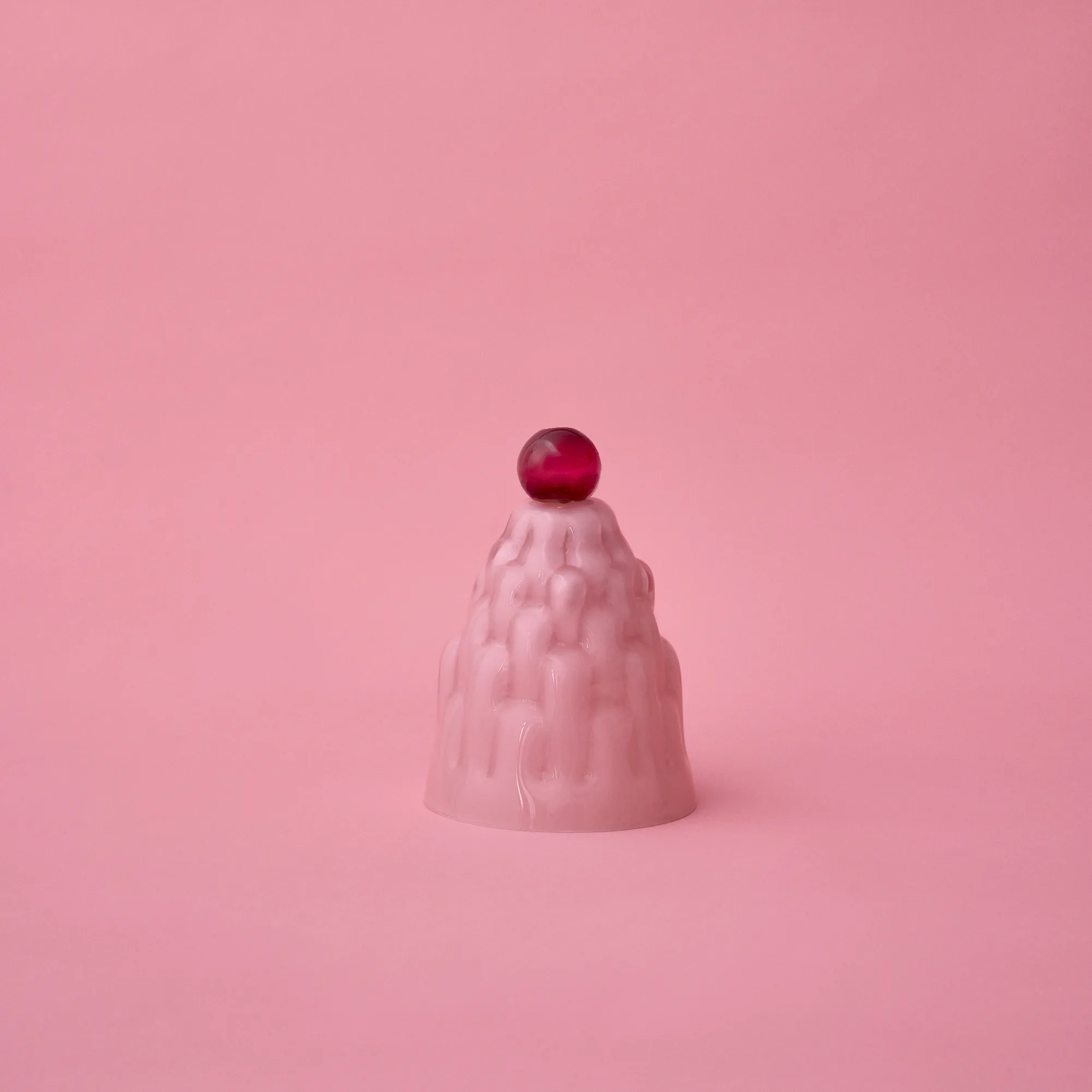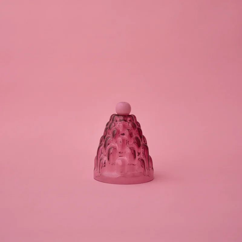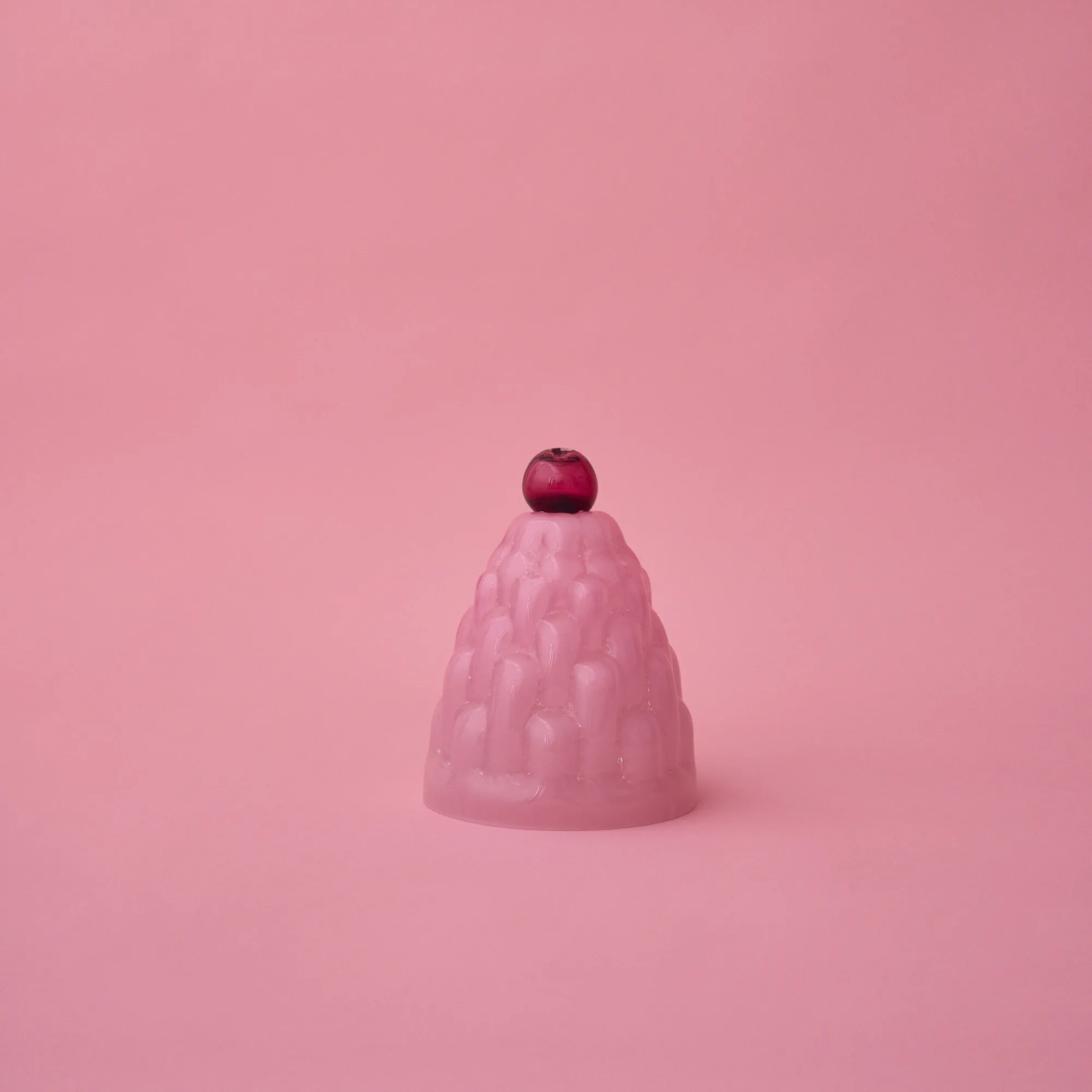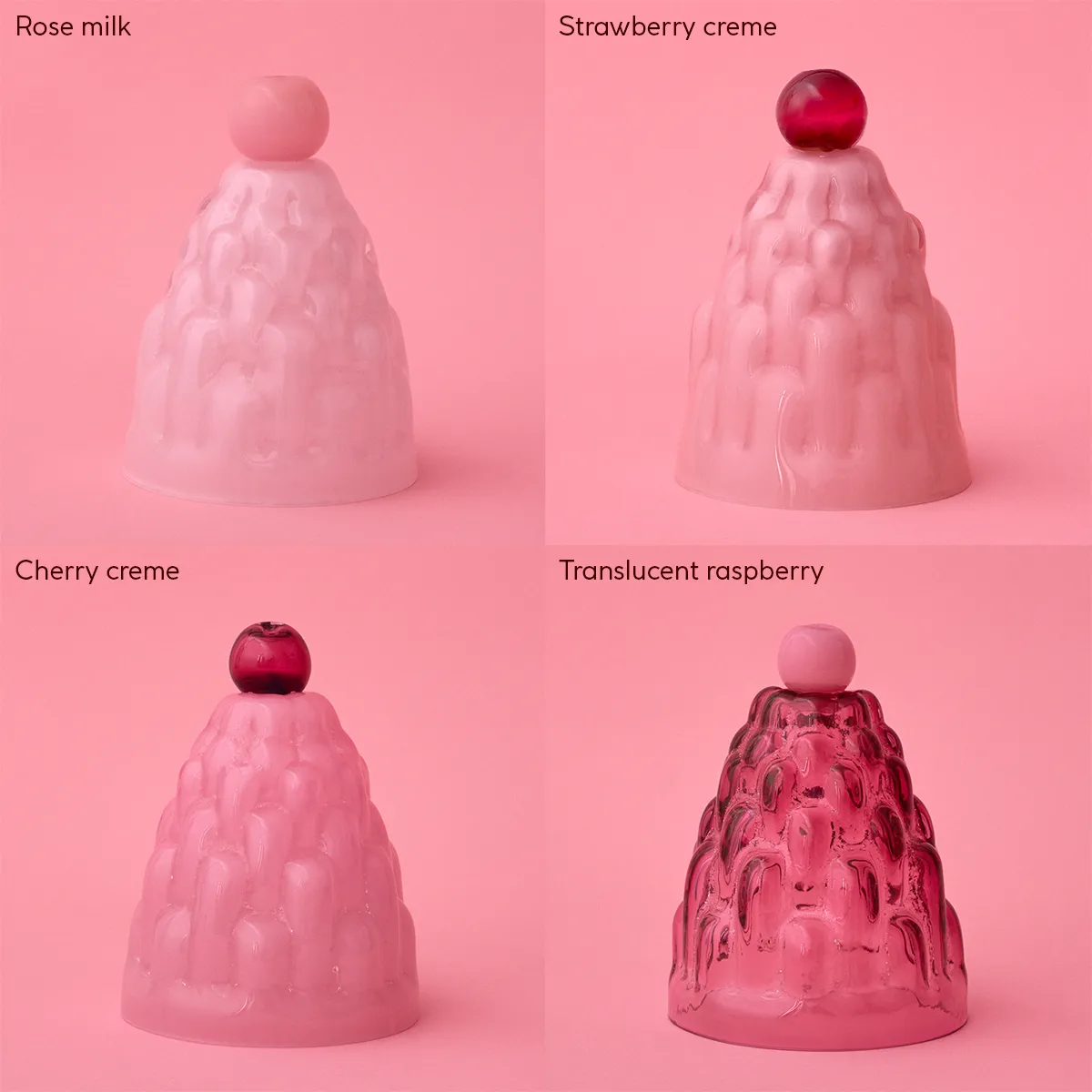 These vibrant glass cloches recall the soft curves of a wobbly jelly or creamy dessert and are available in five distinct forms and five shades of pink—ranging from opaque rose milk, light strawberry crème, and cherry crème to translucent raspberry and blackberry.
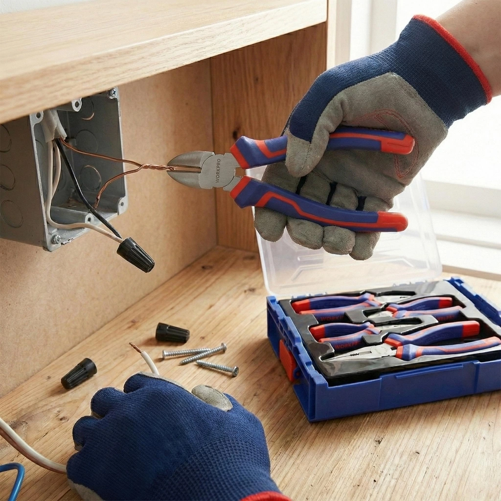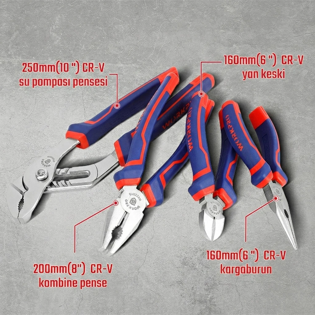 • WORKPRO WP209133 4 Parça Profesyonel Pense Seti • 200mm Kombine Pense, 160mm Yan Keski, 160mm Kargaburnu ve 250mm Ford Pense olmak üzere 4 parçadan oluşmaktadır. • Sanayi, İnşaat, Otomotiv, Şantiye, Acil durumlar gibi mekanik veya her türlü elektrikli, elektronik aletlerin bakım ve onarımlarında profesyonel ve uzun ömürlü kullanım için aşınmaya ve paslanmaya dayanıklı Ni-Fe alaşımlı paslanmaz dövme karbon çelik malzemeden üretilmiştir. • Yüksek kaliteli Ni-Fe dövme karbon çelik kullanılmıştır, hassas ve ısıl işlemden sonra kesme ve kavrama dişleri daha sert ve dayanıklı hale getirilmiştir. • Pense uçları ve kesici dişler yüksek baskı mukavemetli modifiye edilmiş dövme karbon çelikten üretilmiştir. • 250mm Fort Pense hızlı ve kolay sıkma, sökme yapmanızı sağlar. • Ni-Fe alaşım, pas ve korozyon gibi dış etkenlerden koruyarak uzun ömürlü yapı kazandırır. • %30 daha geniş Üst düzey kauçuk kaplama sap tasarımı kaymayı önler, el yorgunluğunu azaltır. • Özel tasarım plastik muhafaza ve taşıma çantası ile aletlerinizi temiz ve güvenli bir şekilde saklamanıza imkân sağlar. • Özel tasarlanmış kilitli taşıma çantası sayesinde birden fazla aynı çantayı üst üste koyup kilitleme mekanizması ile güvenle taşımanıza imkân sağlar.
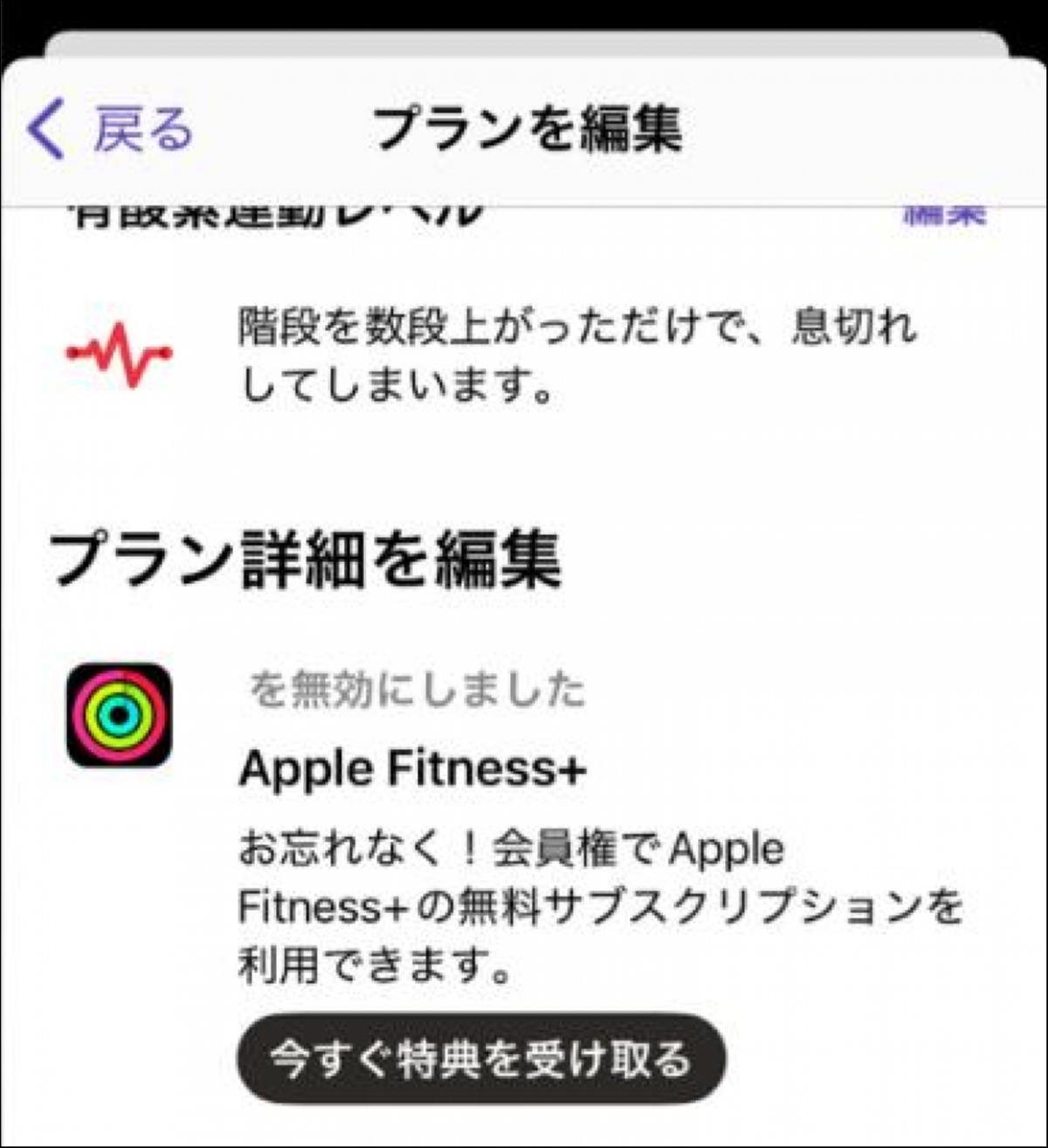 公式サイトには「バナークリック」とあるけど今日の時点ではバナーが無かったので、アプリの右上の人間アイコン->プランを編集にApple Fitness+のボタンがある。
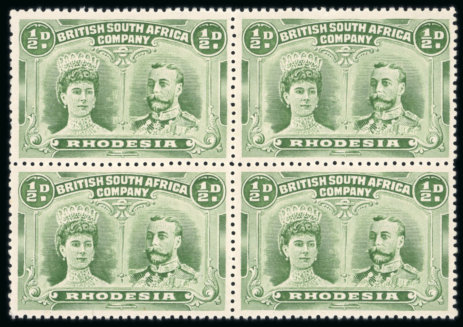 1910-13 1/2d yellow-green perforation 14 in block of four mint, a few hinge remainders and small tone spot, left hand pair mint n.h..; ex Levin and Vestey. (Image 1)

────

(Exercise) Please retype the data exactly. The pictures do not go in.

(Response to this exercise)
 These vibrant glass cloches recall the soft curves of a wobbly jelly or creamy dessert and are available in five distinct forms and five shades of pink—ranging from opaque rose milk, light strawberry crème, and cherry crème to translucent raspberry and blackberry.
 • WORKPRO WP209133 4 Parça Profesyonel Pense Seti • 200mm Kombine Pense, 160mm Yan Keski, 160mm Kargaburnu ve 250mm Ford Pense olmak üzere 4 parçadan oluşmaktadır. • Sanayi, İnşaat, Otomotiv, Şantiye, Acil durumlar gibi mekanik veya her türlü elektrikli, elektronik aletlerin bakım ve onarımlarında profesyonel ve uzun ömürlü kullanım için aşınmaya ve paslanmaya dayanıklı Ni-Fe alaşımlı paslanmaz dövme karbon çelik malzemeden üretilmiştir. • Yüksek kaliteli Ni-Fe dövme karbon çelik kullanılmıştır, hassas ve ısıl işlemden sonra kesme ve kavrama dişleri daha sert ve dayanıklı hale getirilmiştir. • Pense uçları ve kesici dişler yüksek baskı mukavemetli modifiye edilmiş dövme karbon çelikten üretilmiştir. • 250mm Fort Pense hızlı ve kolay sıkma, sökme yapmanızı sağlar. • Ni-Fe alaşım, pas ve korozyon gibi dış etkenlerden koruyarak uzun ömürlü yapı kazandırır. • %30 daha geniş Üst düzey kauçuk kaplama sap tasarımı kaymayı önler, el yorgunluğunu azaltır. • Özel tasarım plastik muhafaza ve taşıma çantası ile aletlerinizi temiz ve güvenli bir şekilde saklamanıza imkân sağlar. • Özel tasarlanmış kilitli taşıma çantası sayesinde birden fazla aynı çantayı üst üste koyup kilitleme mekanizması ile güvenle taşımanıza imkân sağlar.
 公式サイトには「バナークリック」とあるけど今日の時点ではバナーが無かったので、アプリの右上の人間アイコン->プランを編集にApple Fitness+のボタンがある。
 1910-13 1/2d yellow-green perforation 14 in block of four mint, a few hinge remainders and small tone spot, left hand pair mint n.h..; ex Levin and Vestey. (Image 1)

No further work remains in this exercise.